RECORDS FOR PROCESSING:
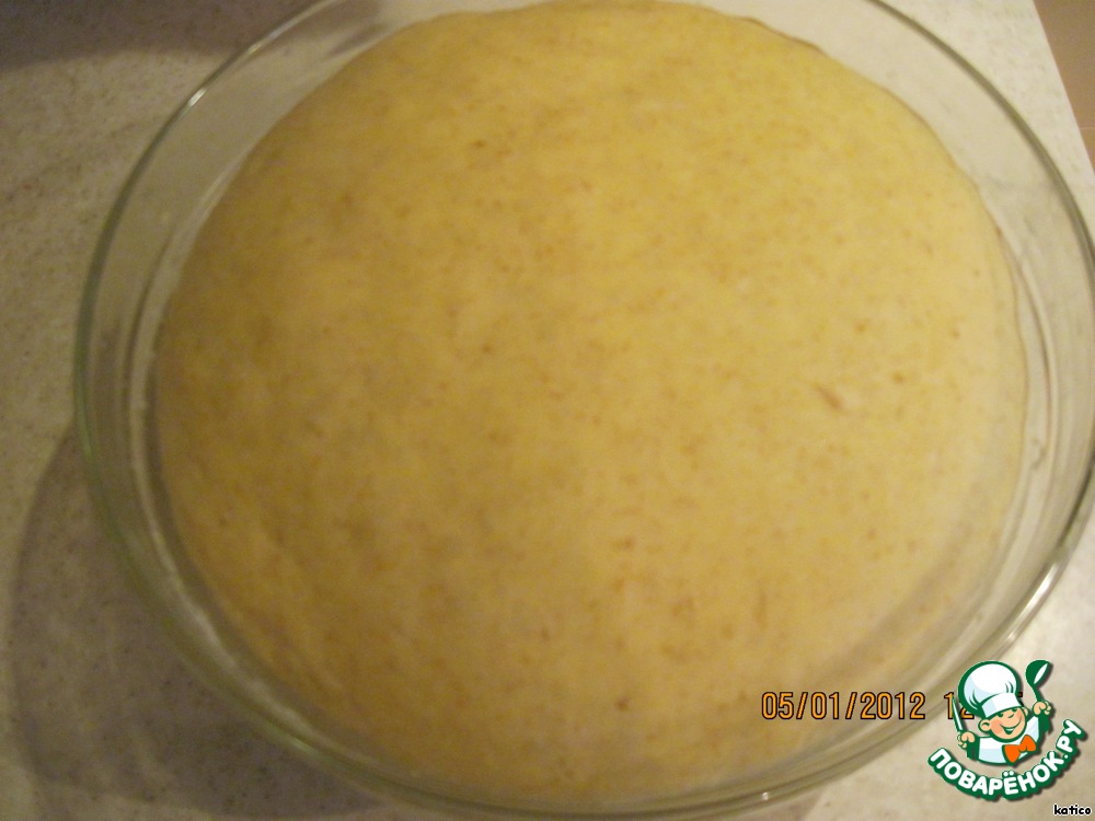 Полученную смесь добавляем к муке, туда же добавляем растопленное или очень мягкое сливочное масло. Замесить тесто, если надо, добавляем еще муки, пока тесто не перестанет липнуть к рукам, не делайте тесто очень крутым, оно должно быть легким и мягким.
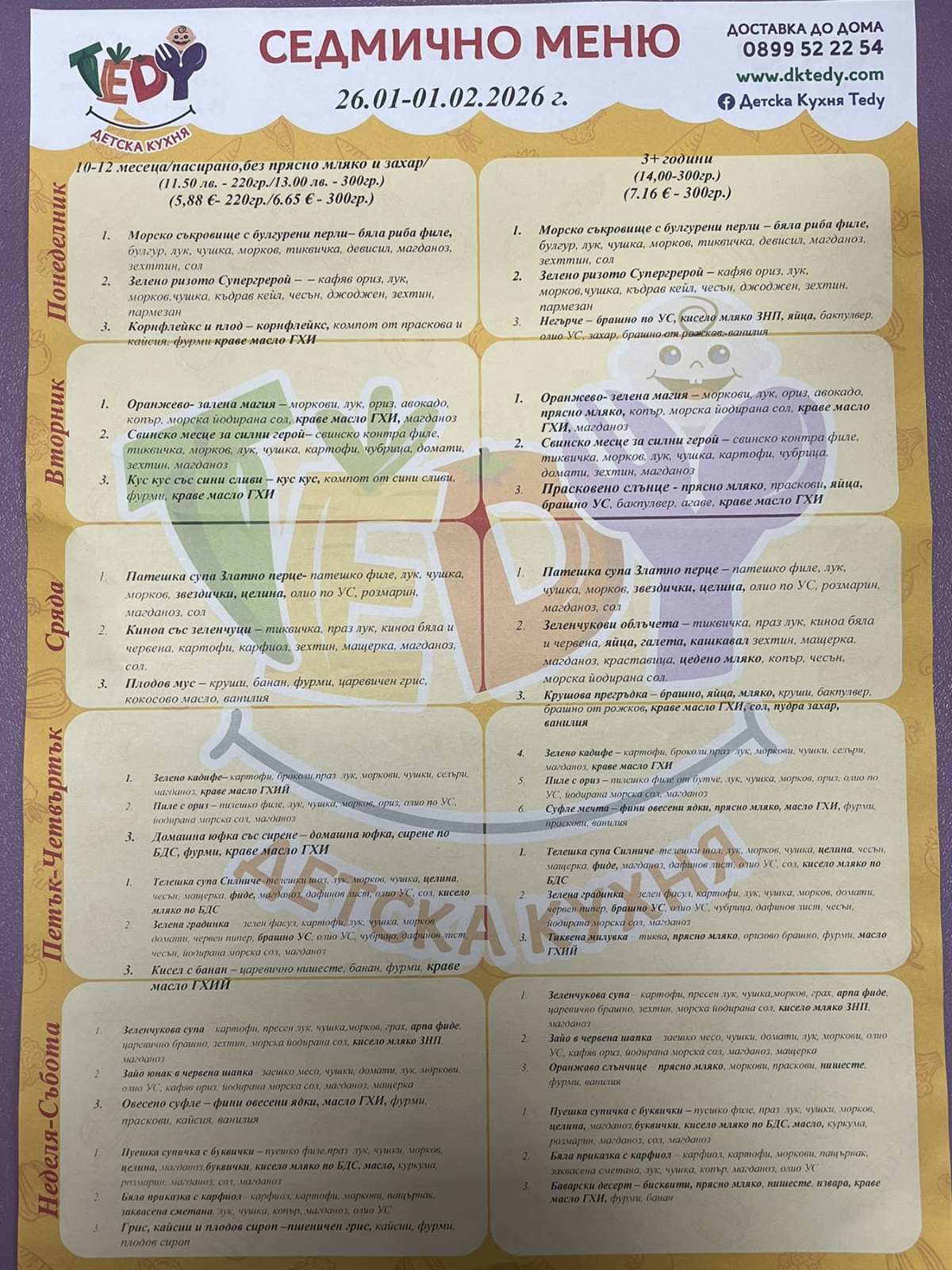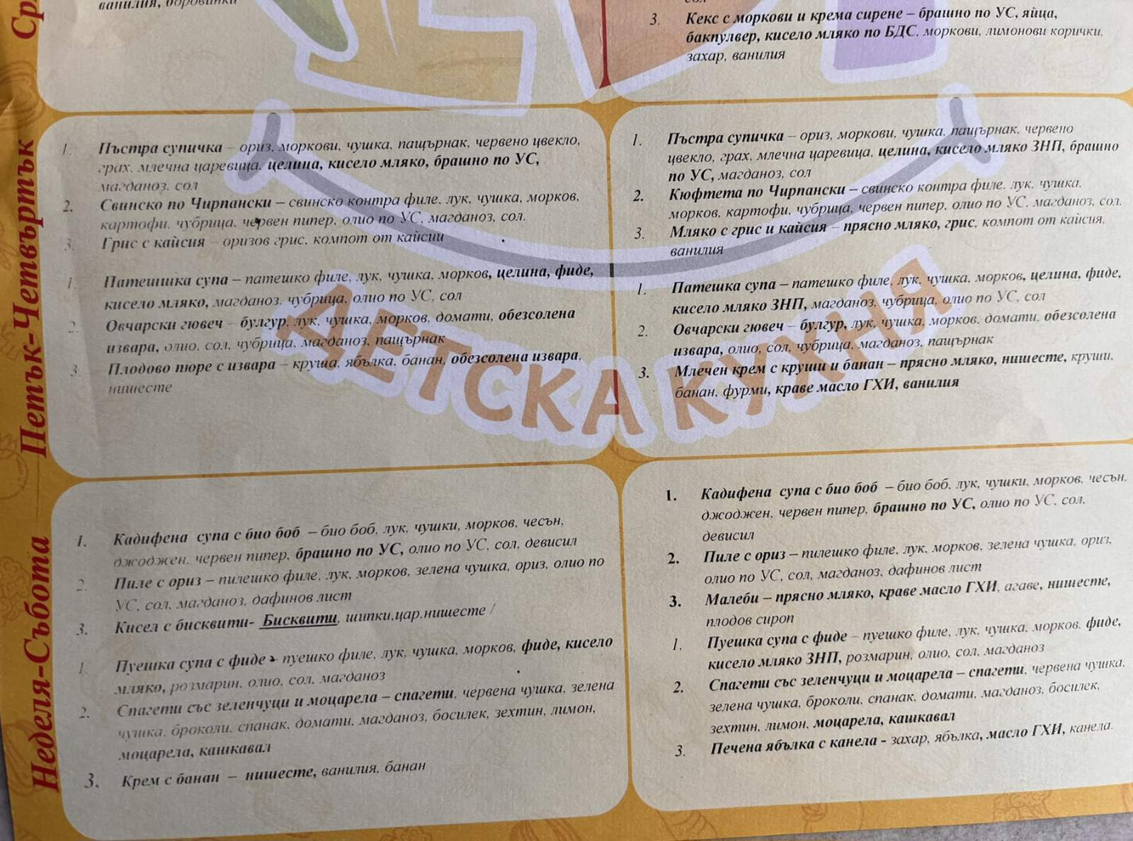 Менютата са съобразени изцяло с хранителния режим на децата Ви и техните калорийни нужди
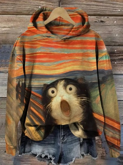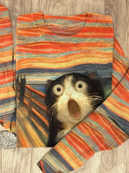 Fun Cat Art Print Casual Cotton Short Sleeve T-shirt
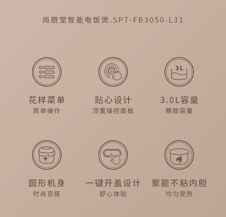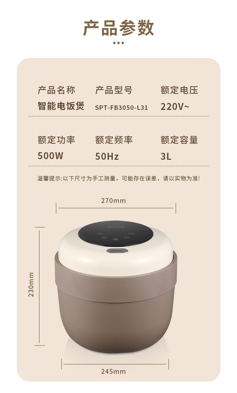 商品名称:(世星阳光)+尚朋堂 智能电饭煲SPT-FB3050-L31 3L家用汤粥智能保温触控电饭锅
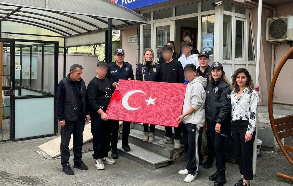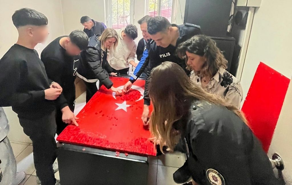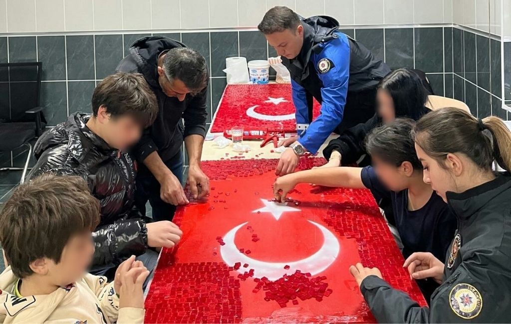 Beykoz İlçe Emniyet Müdürlüğü ile Polonezköy Cam Sanat Merkezi iş birliğinde hayata geçirilen etkinlikte, Polonezköy Cam Sanat Mozaik Atölyesi eğitimcileri tarafından çocuklara cam mozaik teknikleri öğretilerek Türk bayrağı tasarımları yaptırıldı.
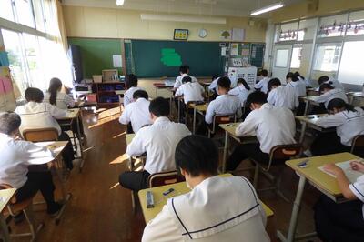 日頃皆さんには「主体的に考えて、行動し、振り返る」ということについてお願いしていますが、実力テストはこの「振り返る」ための絶好のチャンスです。これからも一生懸命頑張って学習し、実力テストに取り組んでいってください。
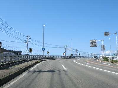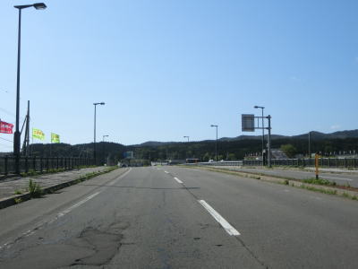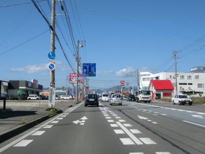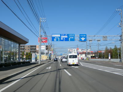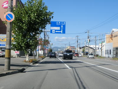 | 函館湾に沿って左カーブを描いている片側2車線道路を走る。電光掲示板にはこの先の工事規制の情報が表示されているが、日本語と英語が交互に表示されるようになっている。これは外国人ドライバーを多い事を意味しており、その多くはレンタカーだと思われる。 七重浜7交差点から約7.6kmでR228のバイパスでもあるE59函館江差道の北斗富川ICを通過する。手前の案内標識では右側車線がインターチェンジへの右折車線になるかのように表示されているが、実際は交差点を過ぎた直後に右側車線がなくなる。 |
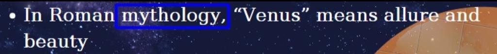 Có nghĩa là :trong thần thoại La Mã, "venus" có nghĩa là sự quyến rũ và vẻ đẹp
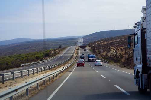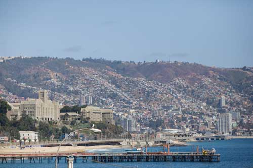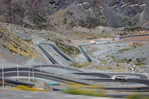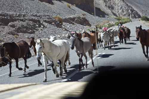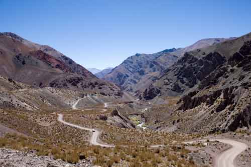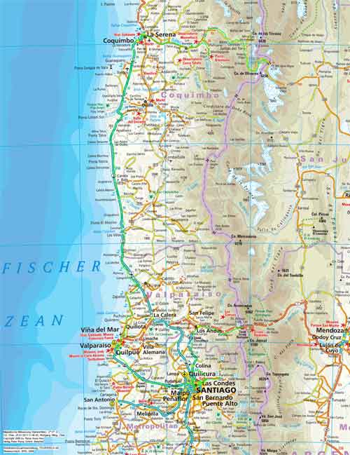 Paso Bermeio > Santiago > Valparaiso > La Serena Kurz nach dem Grenzübertritt nach Chile geht es auch schon sehr schnell runter von 3200m Passhöhe auf 2200m und das auf einer Länge von 15km... Anfahrt auf Santiago. Santiago, morgens um 7:30... noch nicht's los, auch hier gibt es nicht nur Hochhäuser, Das Museum der Schönen Künste wurde vom Erdbeben nicht verschont, im Großen und Ganzen sieht man aber nur selten Beschädigungen, die das Beben hinterlies. Reges Treiben an der Plaza, und immer wieder wird die moderne Architektur von der Historik unterbrochen. Wir verlassen Santiago Richtung Pacifico. Valparaiso, vor lauter Häusern sieht man den Berg nicht mehr. In der Innenstadt geht es richtig eng zu, viele kleine Gassen und viele Fahrzeuge. Die Panamericana nach Norden, gegenüber dem südlichen Teil der Strasse hat sie hier einiges an Charme verloren. So kommt es, dass wir sehr flott unterwegs sind. Schon bald sind wir in La Serena, schönes touristisches Städtchen, auch hier halten wir uns nicht lange auf und fahren in das Landesinnere... ...Richtung Valle del Elqui, das berühmt für den Piscoanbau ist, ...da kann ma net vorbeifahrn, oder!!! Wir besuchen das Observatorio Mamalluca, bei Vicuna Mal gucken, was es so gibt... ah, Sterne... oh, und der Mond Valle del Elqui, der Piscoanbau geht bis in die letzten Berghänge. Auf dem Weg zum Paso Agua Negra muss man mit so manchem Gegenverkehr rechnen. Der Pass selbst windet sich erst durch Täler, später durch bunte Berge an Eisfeldern, den sogenannten Büßern vorbei, bis auf 4780m, da wird die Luft ganz schön dünn. |

ASSIGNMENT: Images are to be omitted; repeat the remaining data above exactly.

RESPONSE BELOW:
 Полученную смесь добавляем к муке, туда же добавляем растопленное или очень мягкое сливочное масло. Замесить тесто, если надо, добавляем еще муки, пока тесто не перестанет липнуть к рукам, не делайте тесто очень крутым, оно должно быть легким и мягким.
 Менютата са съобразени изцяло с хранителния режим на децата Ви и техните калорийни нужди
 Fun Cat Art Print Casual Cotton Short Sleeve T-shirt
 商品名称:(世星阳光)+尚朋堂 智能电饭煲SPT-FB3050-L31 3L家用汤粥智能保温触控电饭锅
 Beykoz İlçe Emniyet Müdürlüğü ile Polonezköy Cam Sanat Merkezi iş birliğinde hayata geçirilen etkinlikte, Polonezköy Cam Sanat Mozaik Atölyesi eğitimcileri tarafından çocuklara cam mozaik teknikleri öğretilerek Türk bayrağı tasarımları yaptırıldı.
 日頃皆さんには「主体的に考えて、行動し、振り返る」ということについてお願いしていますが、実力テストはこの「振り返る」ための絶好のチャンスです。これからも一生懸命頑張って学習し、実力テストに取り組んでいってください。
 | 函館湾に沿って左カーブを描いている片側2車線道路を走る。電光掲示板にはこの先の工事規制の情報が表示されているが、日本語と英語が交互に表示されるようになっている。これは外国人ドライバーを多い事を意味しており、その多くはレンタカーだと思われる。 七重浜7交差点から約7.6kmでR228のバイパスでもあるE59函館江差道の北斗富川ICを通過する。手前の案内標識では右側車線がインターチェンジへの右折車線になるかのように表示されているが、実際は交差点を過ぎた直後に右側車線がなくなる。 |
 Có nghĩa là :trong thần thoại La Mã, "venus" có nghĩa là sự quyến rũ và vẻ đẹp
 Paso Bermeio > Santiago > Valparaiso > La Serena Kurz nach dem Grenzübertritt nach Chile geht es auch schon sehr schnell runter von 3200m Passhöhe auf 2200m und das auf einer Länge von 15km... Anfahrt auf Santiago. Santiago, morgens um 7:30... noch nicht's los, auch hier gibt es nicht nur Hochhäuser, Das Museum der Schönen Künste wurde vom Erdbeben nicht verschont, im Großen und Ganzen sieht man aber nur selten Beschädigungen, die das Beben hinterlies. Reges Treiben an der Plaza, und immer wieder wird die moderne Architektur von der Historik unterbrochen. Wir verlassen Santiago Richtung Pacifico. Valparaiso, vor lauter Häusern sieht man den Berg nicht mehr. In der Innenstadt geht es richtig eng zu, viele kleine Gassen und viele Fahrzeuge. Die Panamericana nach Norden, gegenüber dem südlichen Teil der Strasse hat sie hier einiges an Charme verloren. So kommt es, dass wir sehr flott unterwegs sind. Schon bald sind wir in La Serena, schönes touristisches Städtchen, auch hier halten wir uns nicht lange auf und fahren in das Landesinnere... ...Richtung Valle del Elqui, das berühmt für den Piscoanbau ist, ...da kann ma net vorbeifahrn, oder!!! Wir besuchen das Observatorio Mamalluca, bei Vicuna Mal gucken, was es so gibt... ah, Sterne... oh, und der Mond Valle del Elqui, der Piscoanbau geht bis in die letzten Berghänge. Auf dem Weg zum Paso Agua Negra muss man mit so manchem Gegenverkehr rechnen. Der Pass selbst windet sich erst durch Täler, später durch bunte Berge an Eisfeldern, den sogenannten Büßern vorbei, bis auf 4780m, da wird die Luft ganz schön dünn. |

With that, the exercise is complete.